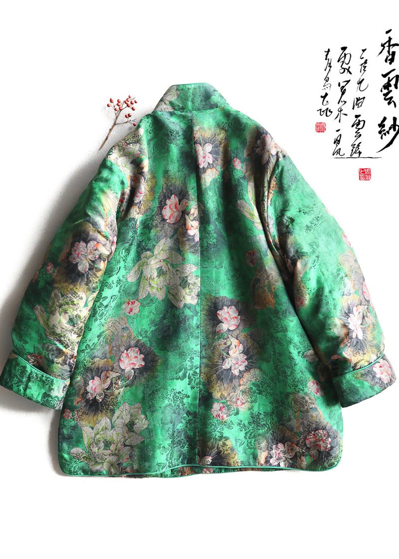Kinesisk Stil Grönt Tryck Knapp Fin Bomullsfylld Pufferjacka Vinter
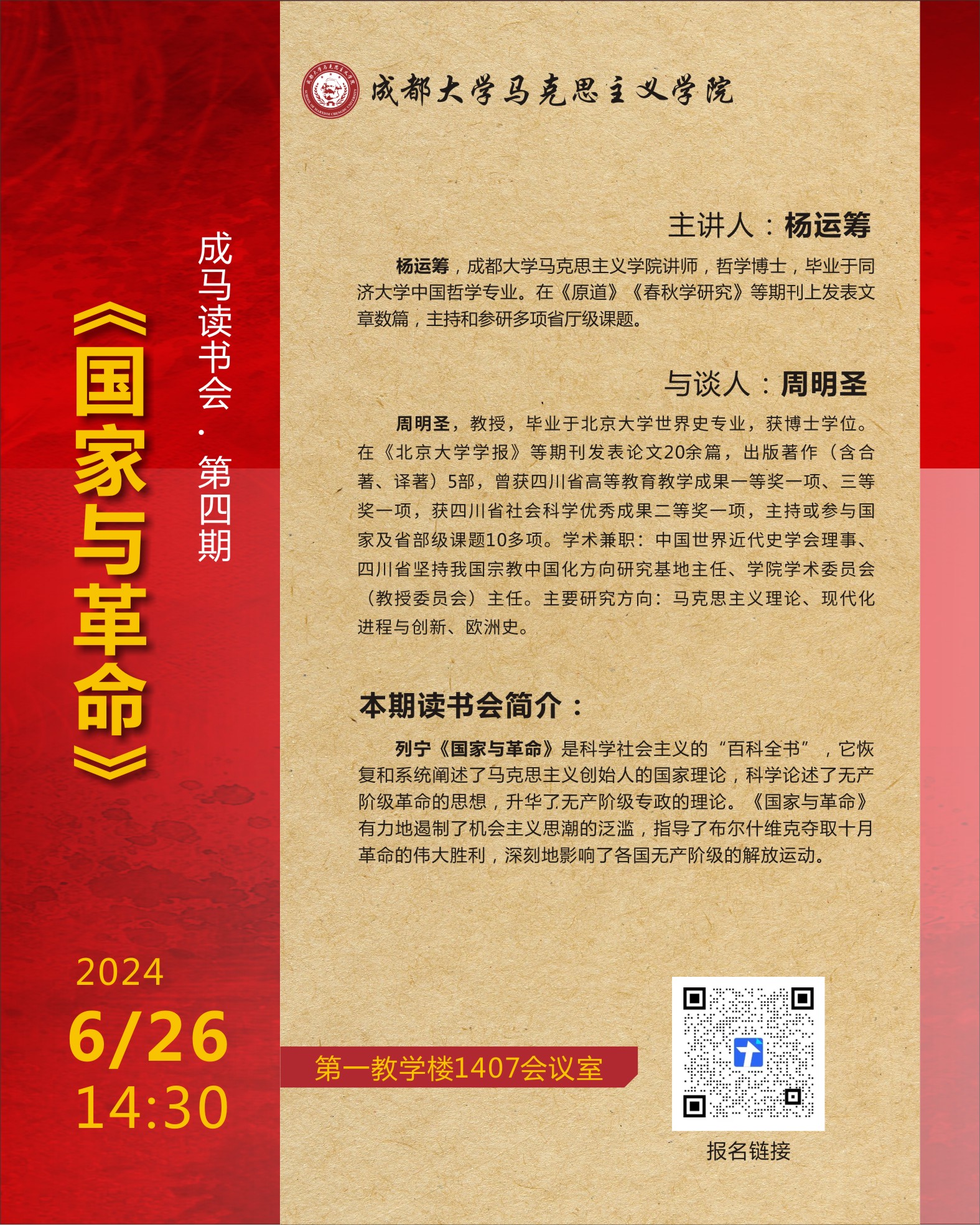 本期读书会简介:列宁《国家与革命》是科学社会主义的“百科全书”,它恢复和系统阐述了马克思主义创始人的国家理论,科学论述了无产阶级革命的思想,升华了无产阶级专政的理论。《国家与革命》有力地遏制了机会主义思潮的泛滥,指导了布尔什维克夺取十月革命的伟大胜利,深刻地影响了各国无产阶级的解放运动。
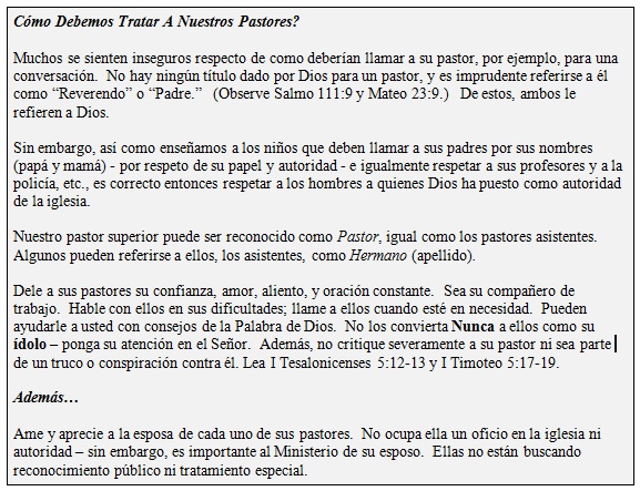3. Según I Pedro 5:2, ¿Qué es el deber de los Pastores? ______________________
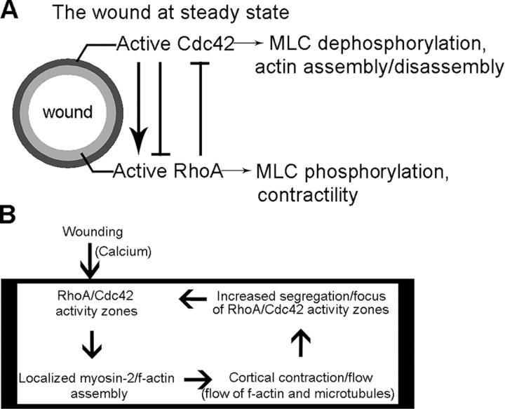 Figure 9. Summary, crosstalk, and working model for observed discrete localization of rho GTPase activity zones during wound healing. (A) Schematic shows observed concentric subcellular compartmentalization of RhoA and Cdc42 activity zones at wound border, summary of crosstalk, and their respective effects on actin dynamics. (B) Diagram shows working model for maintenance of wound-induced response. Upon wounding, a cytoplasmic activity module (inside box) is established in which activation of localized RhoA and Cdc42 leads to directed cortical contraction and flow, which cause accumulation of both actin and microtubules, which, in turn, further promotes zones of activity.
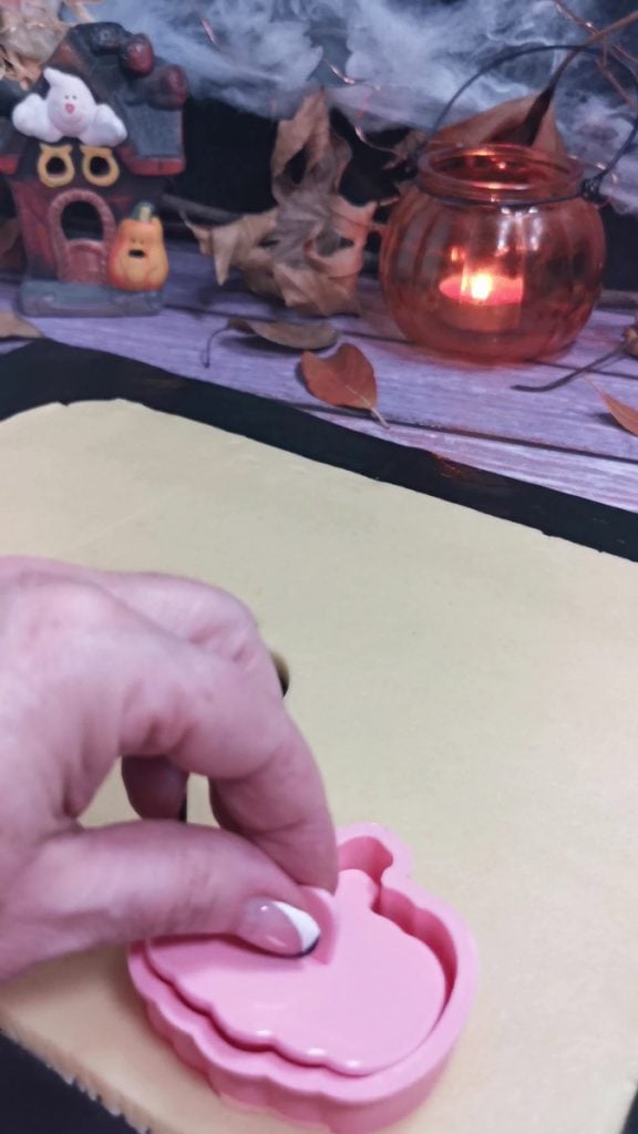 Después del tiempo de reposo, sacamos la masa de la nevera y cortamos las galletas de Halloween, yo he creado muchas calabazas divertidas, pero se puede variar con otros moldes.
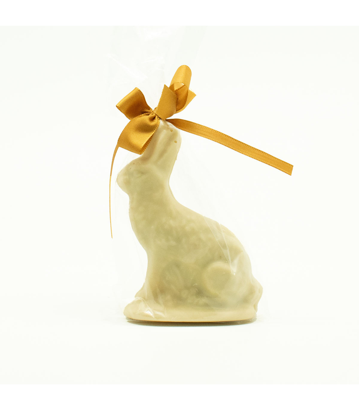 Un conejo de Pascua de chocolate blanco artesanal de 60 gr relleno de minigalletitas bañadas en chocolate, con toda la Magia de Alparamis.
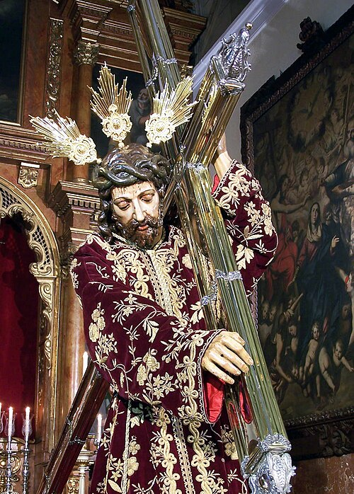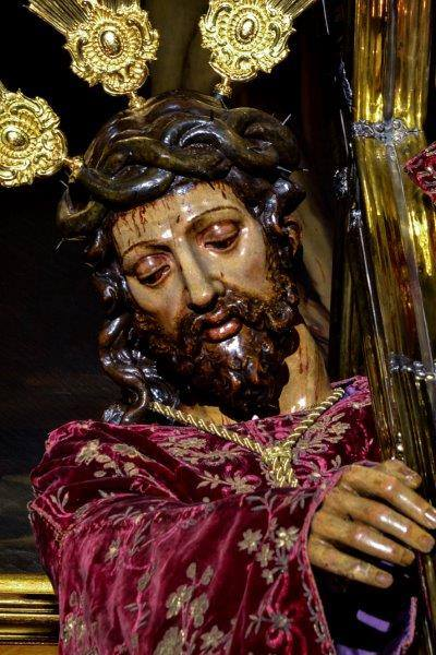 Uno de los elementos más singulares de esta imagen es su Cruz, que se apoya sobre el hombro izquierdo de Cristo, en una posición inusual que rompe con la iconografía tradicional, en la que suele apoyarse sobre el derecho. Esta cruz no es de madera sencilla, sino una verdadera obra de arte en sí misma: fue realizada en el año 1860 por el platero Francisco Parias Álvarez, destacado orfebre cordobés. La pieza destaca por su estructura de cristal engarzado en plata dorada, con cantos moldurados, lo que le otorga una estética única y preciosista. Este elemento, de gran valor artístico y simbólico, refuerza la dignidad de Cristo en su camino al Calvario y al mismo tiempo aporta una nota de luminosidad y espiritualidad a la imagen.
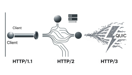 HTTP/3 (2022, IETF 표준화) : *QUIC(UDP) 기반 프로토콜, HOL 문제 해결, TLS 1.3 내장 → 모바일 환경 최적화
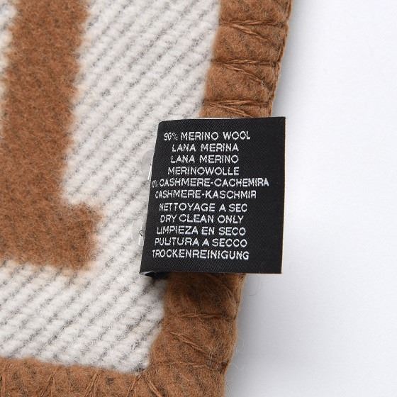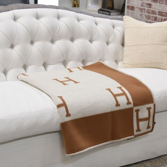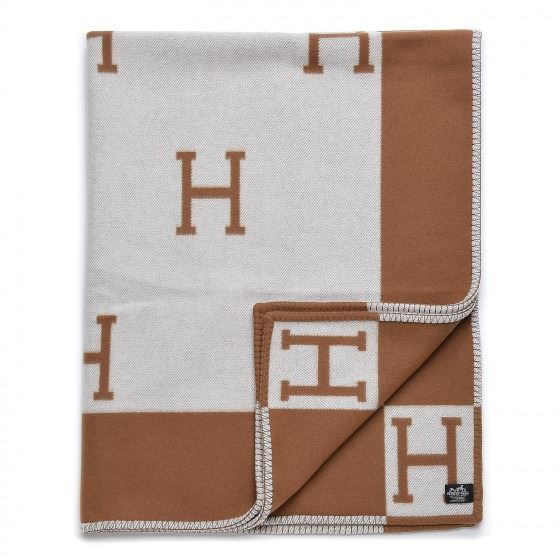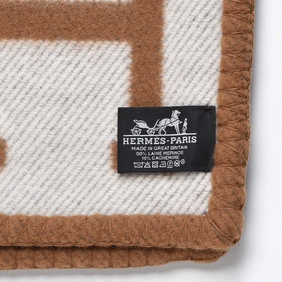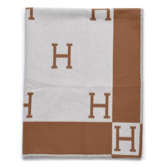 Ecru / Camel blanket in 90% wool and 10% cashmere. It is light beige and brown with iconic Hermes H logos and a stitched border.

* _TASK TO CARRY OUT_
Within the listing above, extract exactly the lines that run from the one containing "Figure 9. Summary, crosstalk, and" through the one containing "HTTP/3 (2022, IETF", excluding any pictures.

* _TASK SOLUTION_
 Figure 9. Summary, crosstalk, and working model for observed discrete localization of rho GTPase activity zones during wound healing. (A) Schematic shows observed concentric subcellular compartmentalization of RhoA and Cdc42 activity zones at wound border, summary of crosstalk, and their respective effects on actin dynamics. (B) Diagram shows working model for maintenance of wound-induced response. Upon wounding, a cytoplasmic activity module (inside box) is established in which activation of localized RhoA and Cdc42 leads to directed cortical contraction and flow, which cause accumulation of both actin and microtubules, which, in turn, further promotes zones of activity.
 Después del tiempo de reposo, sacamos la masa de la nevera y cortamos las galletas de Halloween, yo he creado muchas calabazas divertidas, pero se puede variar con otros moldes.
 Un conejo de Pascua de chocolate blanco artesanal de 60 gr relleno de minigalletitas bañadas en chocolate, con toda la Magia de Alparamis.
 Uno de los elementos más singulares de esta imagen es su Cruz, que se apoya sobre el hombro izquierdo de Cristo, en una posición inusual que rompe con la iconografía tradicional, en la que suele apoyarse sobre el derecho. Esta cruz no es de madera sencilla, sino una verdadera obra de arte en sí misma: fue realizada en el año 1860 por el platero Francisco Parias Álvarez, destacado orfebre cordobés. La pieza destaca por su estructura de cristal engarzado en plata dorada, con cantos moldurados, lo que le otorga una estética única y preciosista. Este elemento, de gran valor artístico y simbólico, refuerza la dignidad de Cristo en su camino al Calvario y al mismo tiempo aporta una nota de luminosidad y espiritualidad a la imagen.
 HTTP/3 (2022, IETF 표준화) : *QUIC(UDP) 기반 프로토콜, HOL 문제 해결, TLS 1.3 내장 → 모바일 환경 최적화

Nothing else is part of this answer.